Biological organisms are beautiful examples of programming. The program and data are stored in biological molecules such as DNA, RNA, and proteins; the algorithms are carried out by molecular and biochemical processes; and the end result is the creation and function of an organism. If we understood how to program molecular systems, what could we create? Lifelike technologies whose basic operations are chemical reactions? The fields of chemistry, physics, biology, and computer science are converging as we begin to synthesize molecules, molecular machines, and molecular systems of ever increasing complexity, leading to subdisciplines such as DNA nanotechnology, DNA computing, and synthetic biology. Having demonstrated simple devices and systems -- self-assembled structures, molecular motors, chemical logic gates -- researchers are now turning to the question of how to create large-scale integrated systems. To do so, we must learn how to manage complexity: how to efficiently specify the structure and behavior of intricate molecular systems, how to compile such specifications down to the design of molecules to be synthesized in the lab, and how to ensure that such systems function robustly. These issues will be illustrated for chemical logic circuits based on cascades of DNA hybridization reactions.

Bio

Erik Winfree is an Associate Professor in Computer Science, Computation & Neural Systems, and Bioengineering at Caltech.
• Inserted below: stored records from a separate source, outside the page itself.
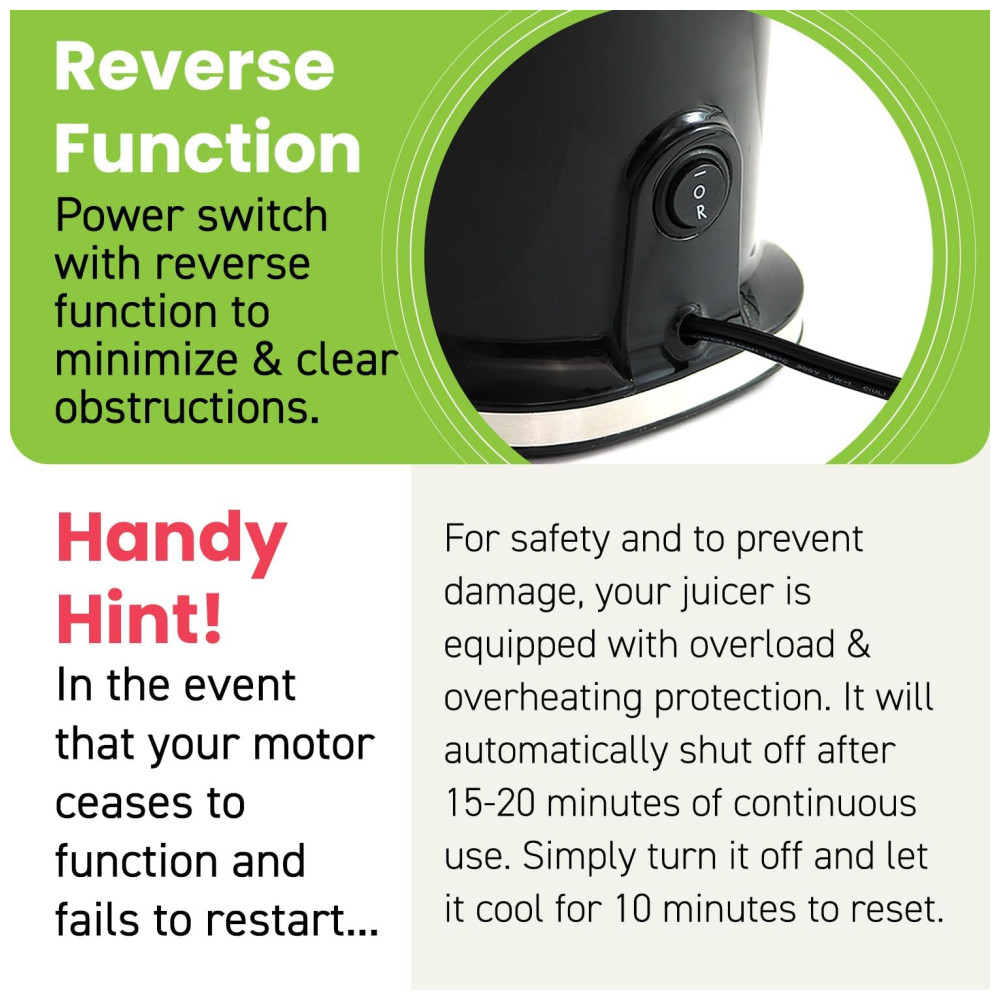 O único sem fim gira lentamente para comprimir e espremer as frutas e legumes para maximizar a produção de suco. O suco resultante produzido tem uma vida útil mais longa do que o suco produzido por espremedores convencionais que usam lâminas de alta velocidade que produzem calor que reduz a produção de fibras nutritivas. Use a função reversa para reduzir e limpar quaisquer obstruções ou bloqueios que possam ocorrer no espremedor.
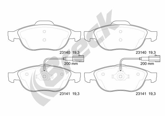 BRECK 23140 00 701 10 - Sada brzdových destiček, vždy 4 kusy v sadě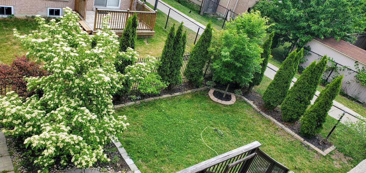 Outdoor Living Step out to your private backyard sanctuary. Professionally landscaped with mature native trees and perennials that bloom through the spring, summer and fall, this space offers a natural privacy screen and a low-maintenance composite deck—perfect for summer BBQs; as well as a backyard shed for additional storage.
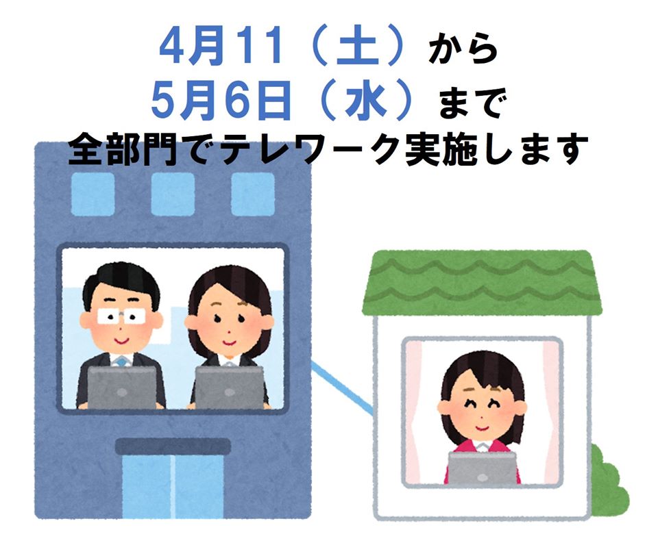 タイトルの通り、このブログでは2月末くらいから当社はテレワークの準備を始めていることを書かせてもらっていましたが当社も今日(11日)から来月5月6日をめどに本格的にテレワークを実施することにしました。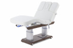 Стол имеет несколько секций и 4 мотора для удобной настройки положения подвижных частей ложемента. Мягкое ложе создаёт высокий уровень комфорта во время процедуры, а широкий диапазон настроек позволяет мастеру качественно выполнить любую задачу. Надёжная рамка из стали выдерживает до 150 кг, что гарантирует безопасность и долгий срок службы изделия.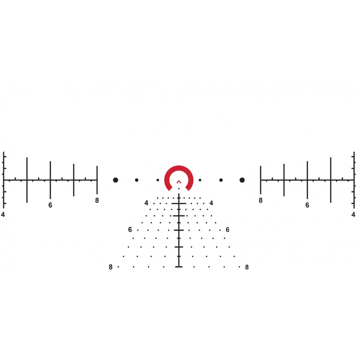 ACSS Raptor M10S спеціально розроблена для прицілів з діапазоном збільшення 1–10х, поєднує швидкість наведення на ближніх дистанціях та високу точність на дальніх. При невеликому збільшенні вона забезпечує швидке прицілювання завдяки яскравому центральному шеврону та зовнішньому кільцю‑підкові, що дозволяють миттєво зосередити погляд на цілі. Для стрільби на більші відстані сітка пропонує повний функціонал балістичної системи ACSS: вертикальні та горизонтальні шкали для визначення дистанції, мітки для поправок на вітер різної сили, позначки випередження для стрільби по рухомих цілях, а також балістичні шкали для компенсації падіння кулі на дистанціях до 800 ярдів.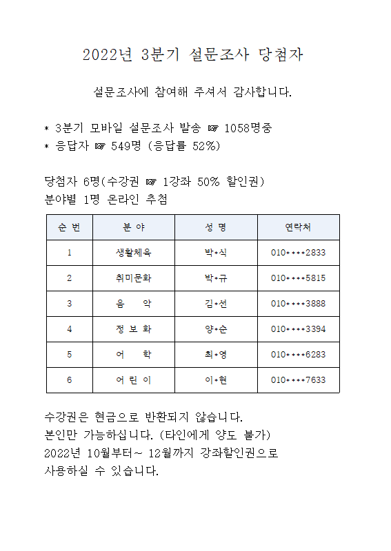 2022년 8월 29일 부터 9월 2일까지 모바일 설문조사 실시 프로그램 수강생 전체 문자발송 설문조사를 응답해주신분에게는 추첨을 통하여 분야별(6개분야) 1명 온라인 추첨 50% 할인 수강권 지급 (당첨인원 : 6명) (발표일 : 2022년 9월 16일) ★ 당첨자 개별 문자 발송
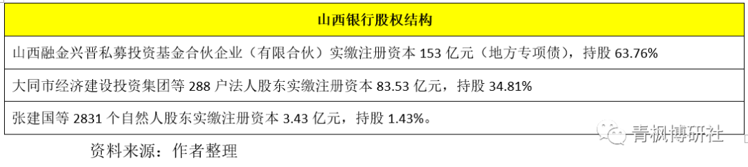 2、山西銀行的注冊資本達到239.96億(山西發行的153億元地方專項債便是為了注資山西銀行),原晉商銀行副行長高計亮任山西銀行董事長。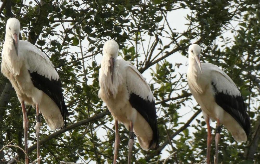500 Meter bij ons vandaan heeft een paartje ooievaars vorig jaar zelf een boomnest gebouwd. Theo Meijer meldt gelukkig alle ringnummers die hij met de verrekijker kan aflezen bij het vogeltrekstation. Die terugmeldingen komen bij de ringers terecht. Voor de ooievaars zijn dat onder anderen Arda en Wim van STORK.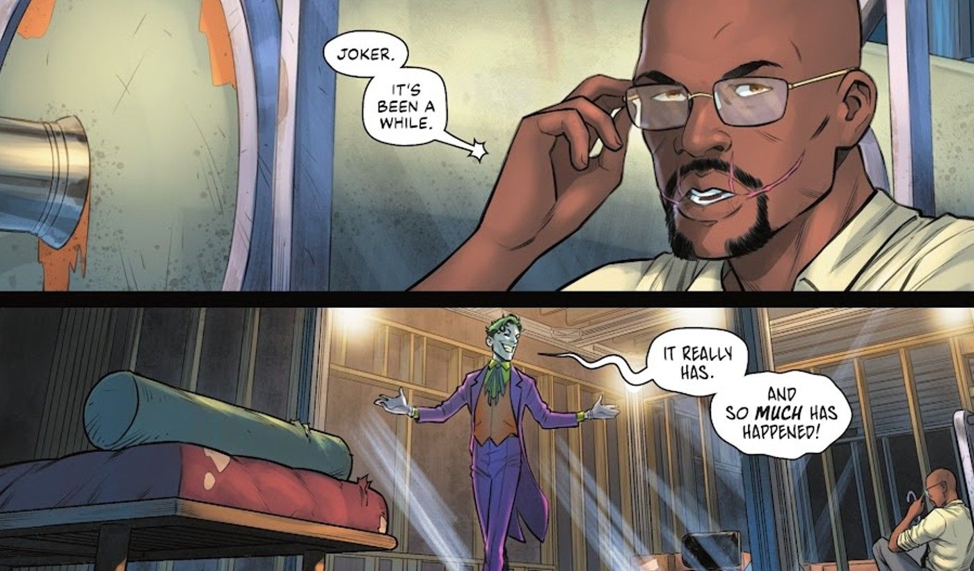 El Joker revela su sorprendente nuevo terapeuta en la historia “Doctor’s Orders” de Chip Zdarsky y Michele Bandini de hombre murciélago #145. En esta historia de respaldo, el Joker capturó al Dr. Captio y lo mantiene en su sótano. Cada vez que Joker se encuentra con Batman, regresa con Captio y escucha mientras el médico le da consejos sobre cómo lidiar con Batman.

Winfree is the recipient of the Feynman Prize for Nanotechnology (2006), the NSF PECASE/CAREER Award (2001), the ONR Young Investigators Award (2001), a MacArthur Fellowship (2000), and MIT Technology Review's first TR100 list of "top young innovators" (1999). Prior to joining the faculty at Caltech in 2000, Winfree was a Lewis Thomas Postdoctoral Fellow in Molecular Biology at Princeton, and a Visiting Scientist at the MIT AI Lab. Winfree received a B.S. in Mathematics w/ Computer Science from the University of Chicago in 1991, and a Ph.D. in Computation & Neural Systems from Caltech in 1998. His website is http://dna.caltech.edu/~winfree/.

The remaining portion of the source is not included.